> **WHAT YOU SHOULD DO**:
Word for word, transcribe the listing that follows, minus any pictures.

> **MATERIAL TO PROCESS**:
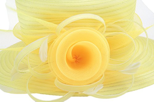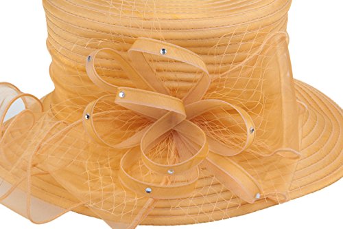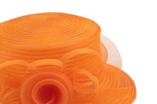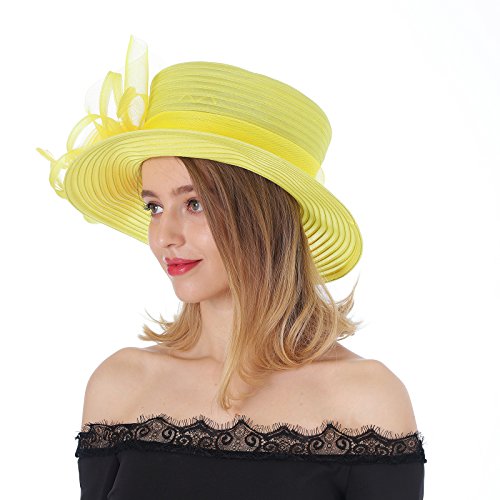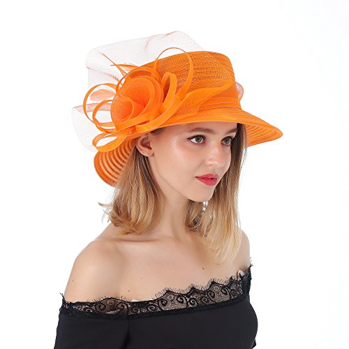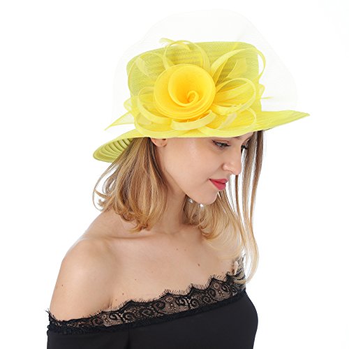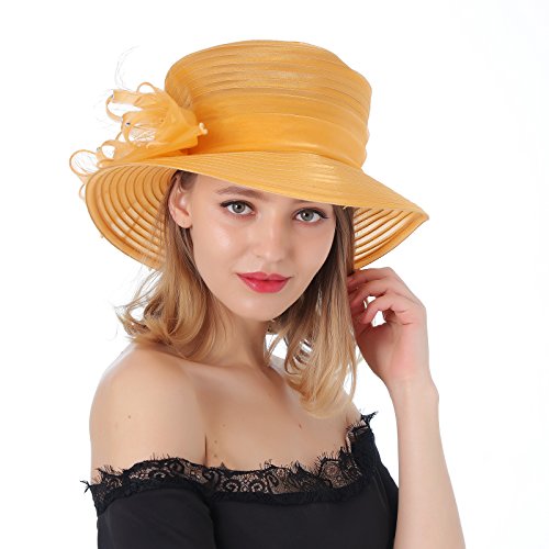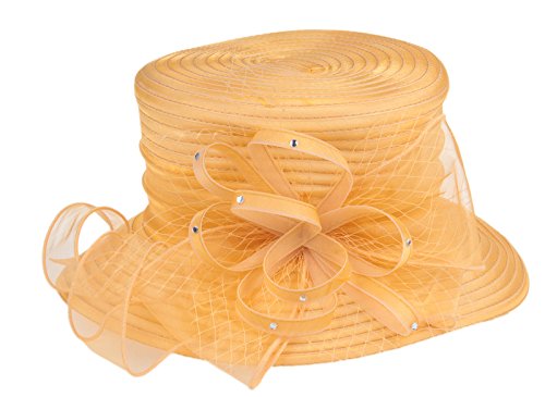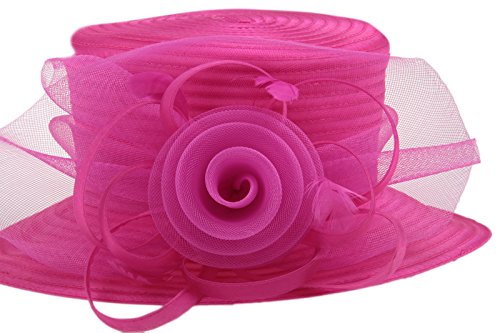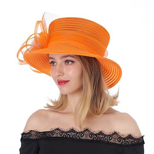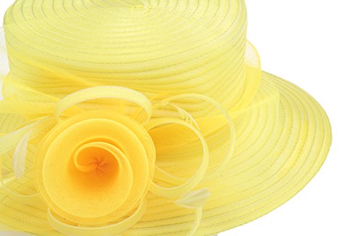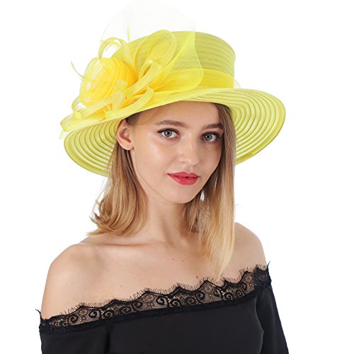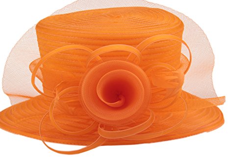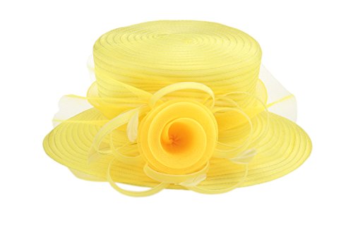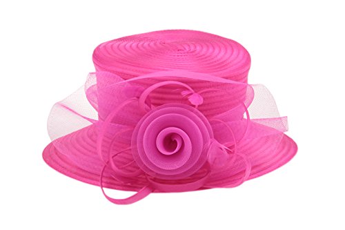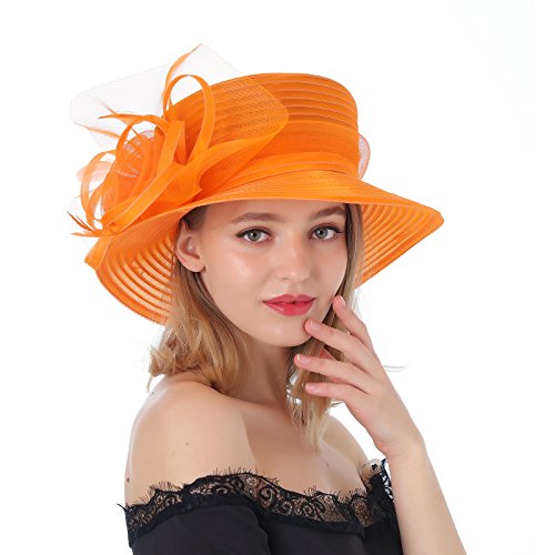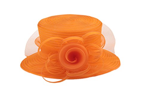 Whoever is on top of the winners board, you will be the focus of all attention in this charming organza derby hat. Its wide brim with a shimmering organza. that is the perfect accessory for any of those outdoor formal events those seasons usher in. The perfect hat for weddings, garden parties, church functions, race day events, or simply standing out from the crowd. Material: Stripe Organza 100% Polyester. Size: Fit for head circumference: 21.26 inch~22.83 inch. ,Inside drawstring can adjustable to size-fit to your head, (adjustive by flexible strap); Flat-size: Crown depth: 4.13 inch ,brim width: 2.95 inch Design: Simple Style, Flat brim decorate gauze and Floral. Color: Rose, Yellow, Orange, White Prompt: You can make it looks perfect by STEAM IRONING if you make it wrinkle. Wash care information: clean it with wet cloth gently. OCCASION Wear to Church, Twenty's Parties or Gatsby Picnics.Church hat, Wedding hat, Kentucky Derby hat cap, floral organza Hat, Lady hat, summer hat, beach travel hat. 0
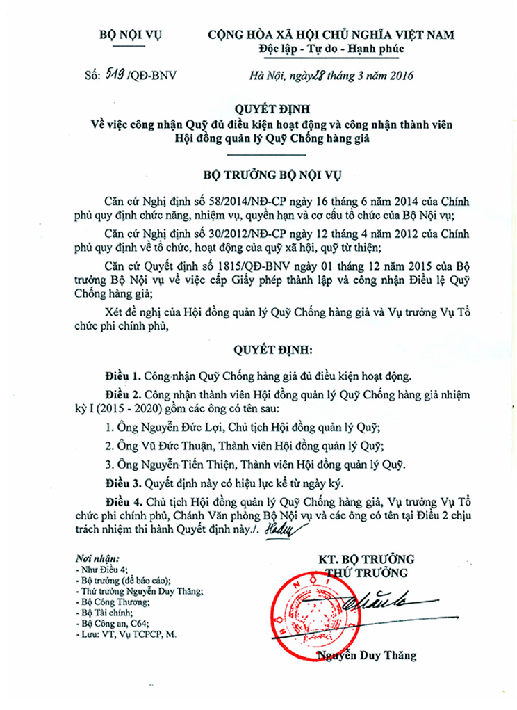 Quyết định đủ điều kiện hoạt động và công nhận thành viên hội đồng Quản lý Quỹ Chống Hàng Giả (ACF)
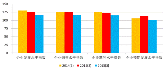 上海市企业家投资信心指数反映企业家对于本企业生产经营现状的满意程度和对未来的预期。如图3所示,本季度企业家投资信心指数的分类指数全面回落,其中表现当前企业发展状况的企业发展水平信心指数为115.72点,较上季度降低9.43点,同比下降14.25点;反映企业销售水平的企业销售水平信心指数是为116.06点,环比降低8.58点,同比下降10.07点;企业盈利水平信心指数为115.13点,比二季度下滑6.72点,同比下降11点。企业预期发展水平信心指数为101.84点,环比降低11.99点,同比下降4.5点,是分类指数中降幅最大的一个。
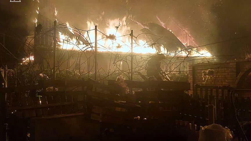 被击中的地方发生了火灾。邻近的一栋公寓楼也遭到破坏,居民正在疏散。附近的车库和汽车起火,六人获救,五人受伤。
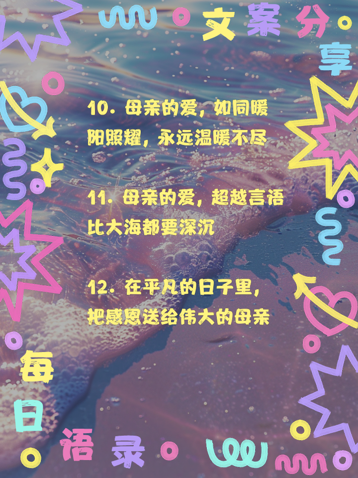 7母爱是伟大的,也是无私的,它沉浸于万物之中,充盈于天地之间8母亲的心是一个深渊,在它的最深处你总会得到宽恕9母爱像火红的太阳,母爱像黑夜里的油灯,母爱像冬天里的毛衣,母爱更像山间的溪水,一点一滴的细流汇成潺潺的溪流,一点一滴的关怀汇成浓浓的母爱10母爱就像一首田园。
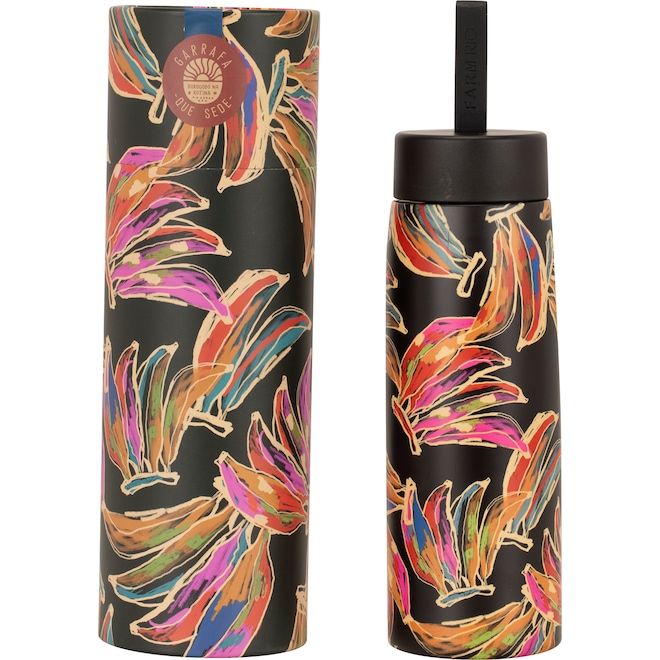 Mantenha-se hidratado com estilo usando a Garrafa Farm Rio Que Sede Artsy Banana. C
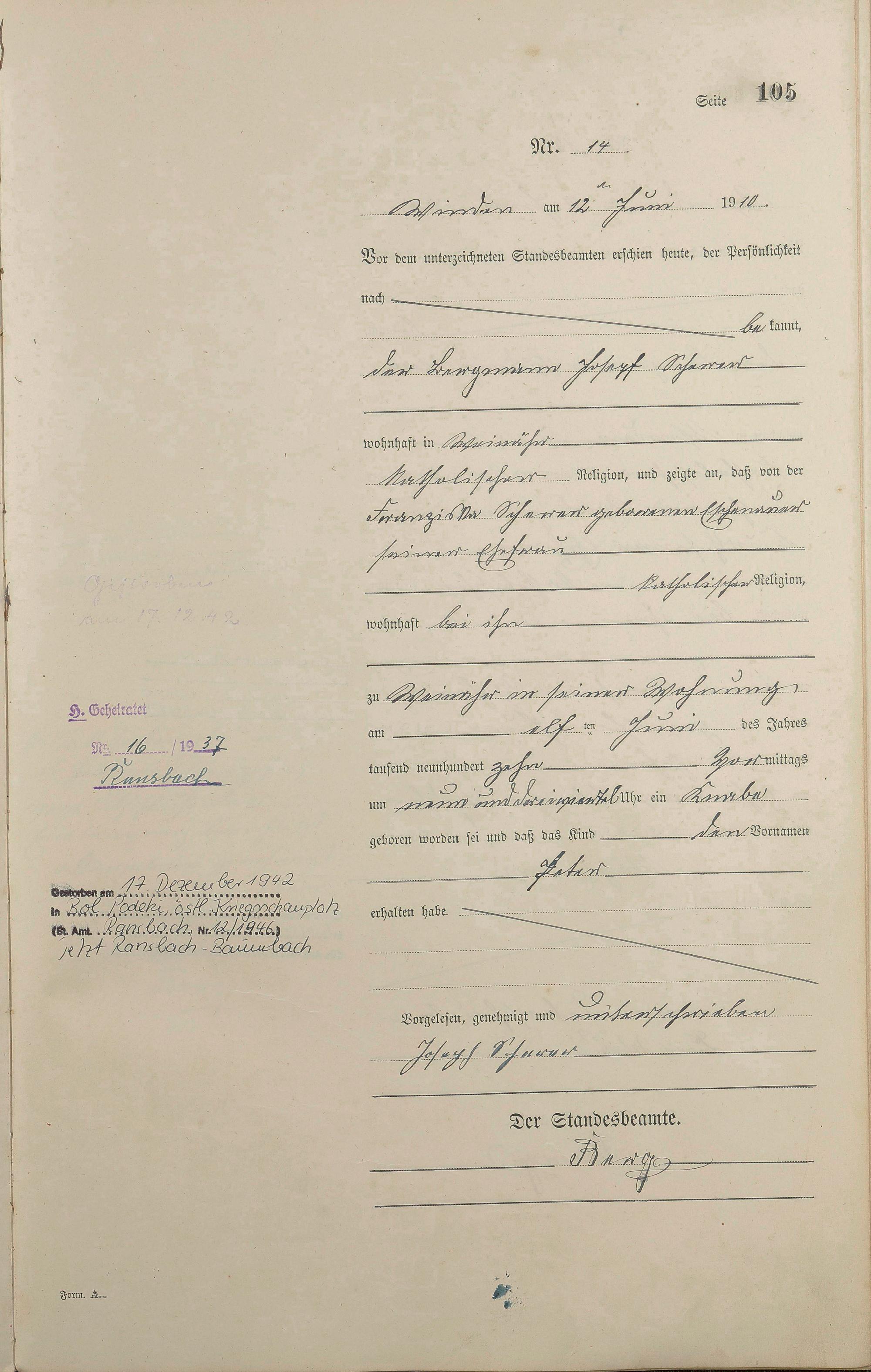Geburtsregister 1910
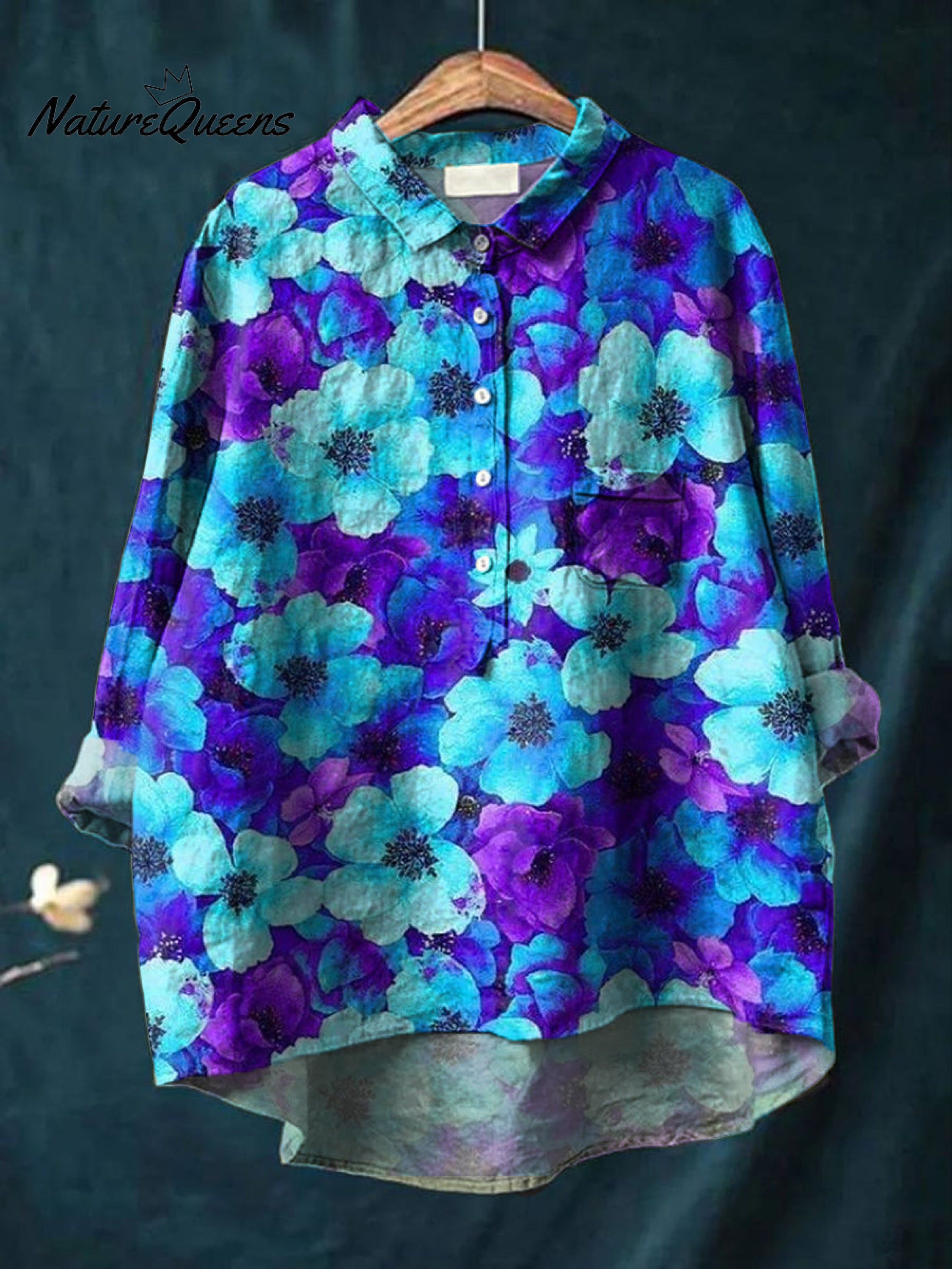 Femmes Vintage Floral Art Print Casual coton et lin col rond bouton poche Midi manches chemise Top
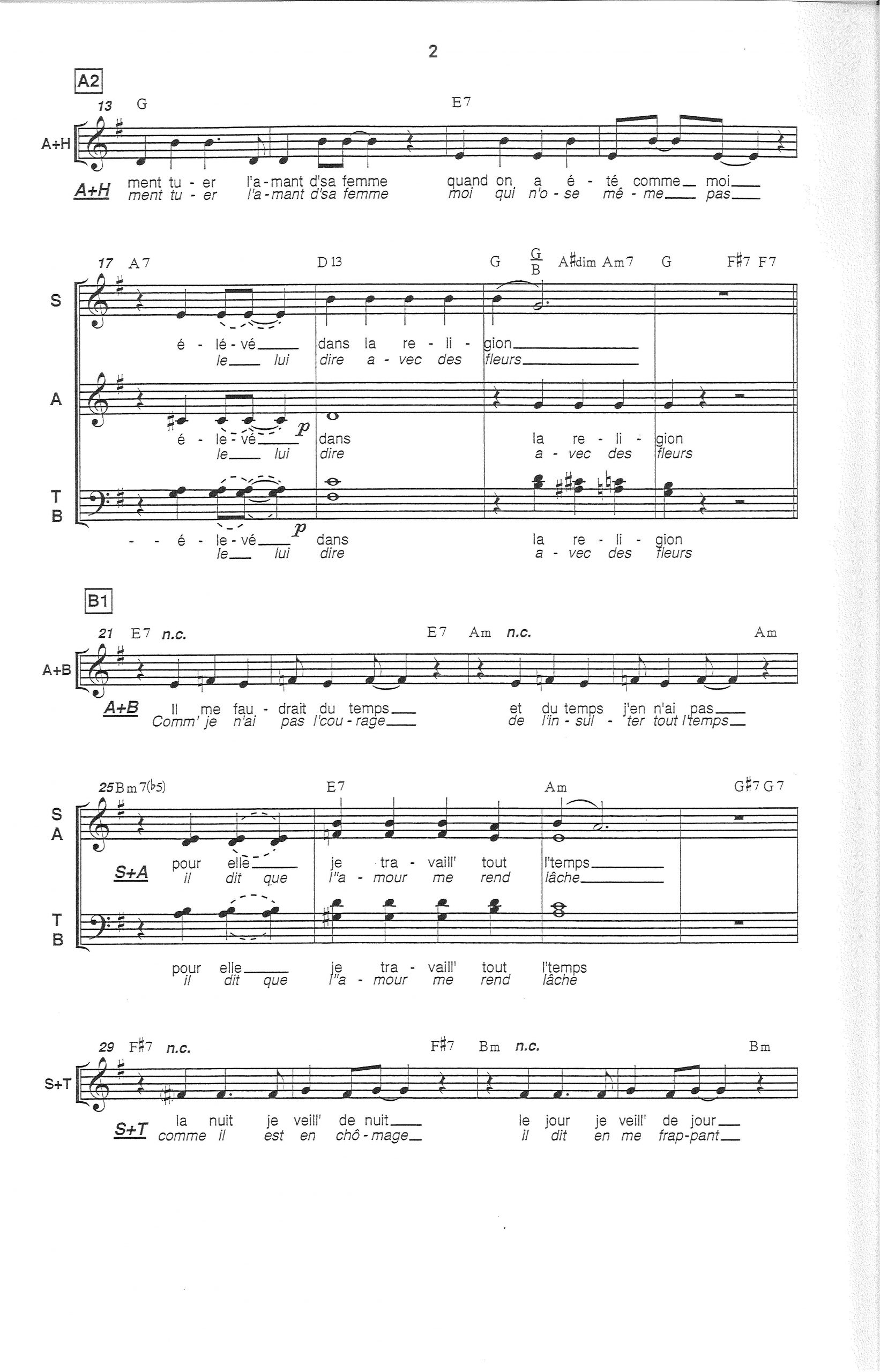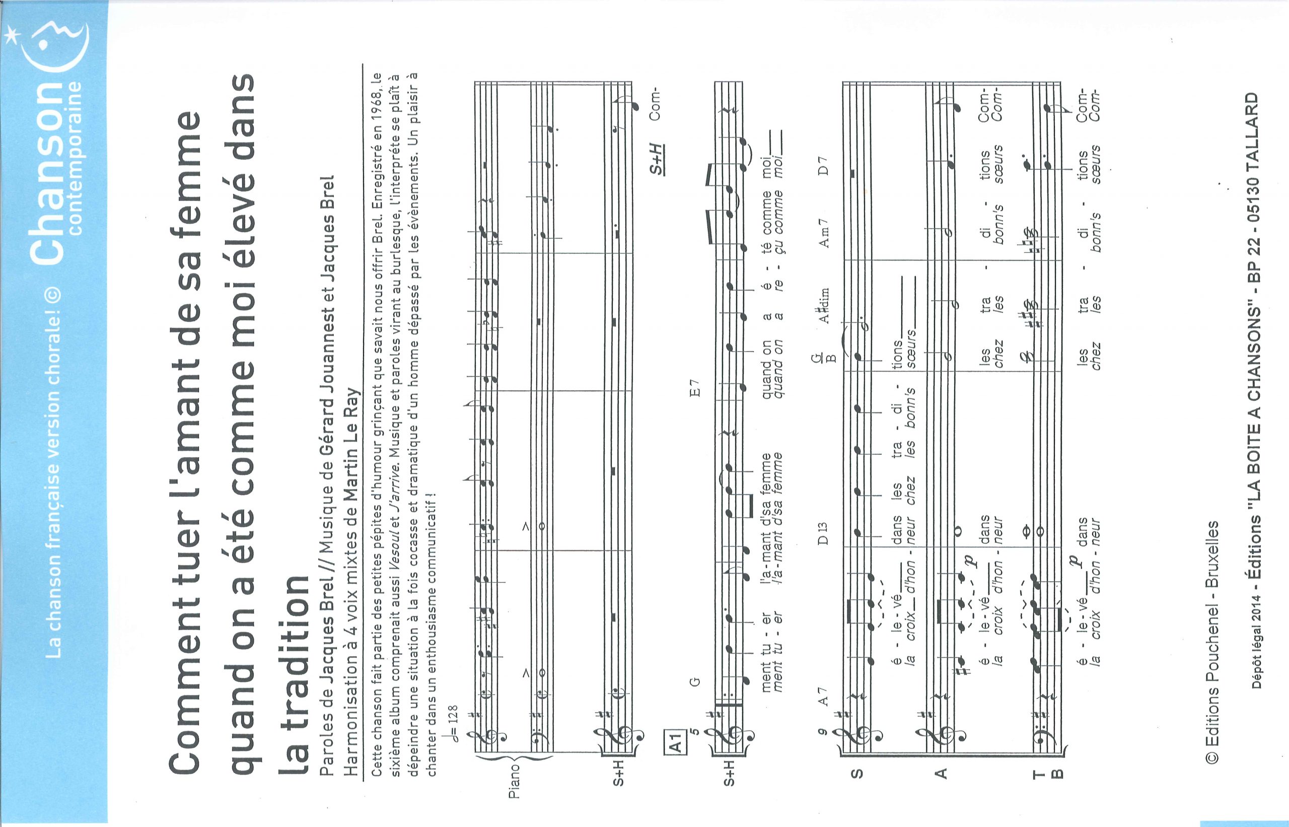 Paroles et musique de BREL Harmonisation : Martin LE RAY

> **OUTPUT FOR THIS EXERCISE**:
 Whoever is on top of the winners board, you will be the focus of all attention in this charming organza derby hat. Its wide brim with a shimmering organza. that is the perfect accessory for any of those outdoor formal events those seasons usher in. The perfect hat for weddings, garden parties, church functions, race day events, or simply standing out from the crowd. Material: Stripe Organza 100% Polyester. Size: Fit for head circumference: 21.26 inch~22.83 inch. ,Inside drawstring can adjustable to size-fit to your head, (adjustive by flexible strap); Flat-size: Crown depth: 4.13 inch ,brim width: 2.95 inch Design: Simple Style, Flat brim decorate gauze and Floral. Color: Rose, Yellow, Orange, White Prompt: You can make it looks perfect by STEAM IRONING if you make it wrinkle. Wash care information: clean it with wet cloth gently. OCCASION Wear to Church, Twenty's Parties or Gatsby Picnics.Church hat, Wedding hat, Kentucky Derby hat cap, floral organza Hat, Lady hat, summer hat, beach travel hat. 0
 Quyết định đủ điều kiện hoạt động và công nhận thành viên hội đồng Quản lý Quỹ Chống Hàng Giả (ACF)
 上海市企业家投资信心指数反映企业家对于本企业生产经营现状的满意程度和对未来的预期。如图3所示,本季度企业家投资信心指数的分类指数全面回落,其中表现当前企业发展状况的企业发展水平信心指数为115.72点,较上季度降低9.43点,同比下降14.25点;反映企业销售水平的企业销售水平信心指数是为116.06点,环比降低8.58点,同比下降10.07点;企业盈利水平信心指数为115.13点,比二季度下滑6.72点,同比下降11点。企业预期发展水平信心指数为101.84点,环比降低11.99点,同比下降4.5点,是分类指数中降幅最大的一个。
 被击中的地方发生了火灾。邻近的一栋公寓楼也遭到破坏,居民正在疏散。附近的车库和汽车起火,六人获救,五人受伤。
 7母爱是伟大的,也是无私的,它沉浸于万物之中,充盈于天地之间8母亲的心是一个深渊,在它的最深处你总会得到宽恕9母爱像火红的太阳,母爱像黑夜里的油灯,母爱像冬天里的毛衣,母爱更像山间的溪水,一点一滴的细流汇成潺潺的溪流,一点一滴的关怀汇成浓浓的母爱10母爱就像一首田园。
 Mantenha-se hidratado com estilo usando a Garrafa Farm Rio Que Sede Artsy Banana. C
Geburtsregister 1910
 Femmes Vintage Floral Art Print Casual coton et lin col rond bouton poche Midi manches chemise Top
 Paroles et musique de BREL Harmonisation : Martin LE RAY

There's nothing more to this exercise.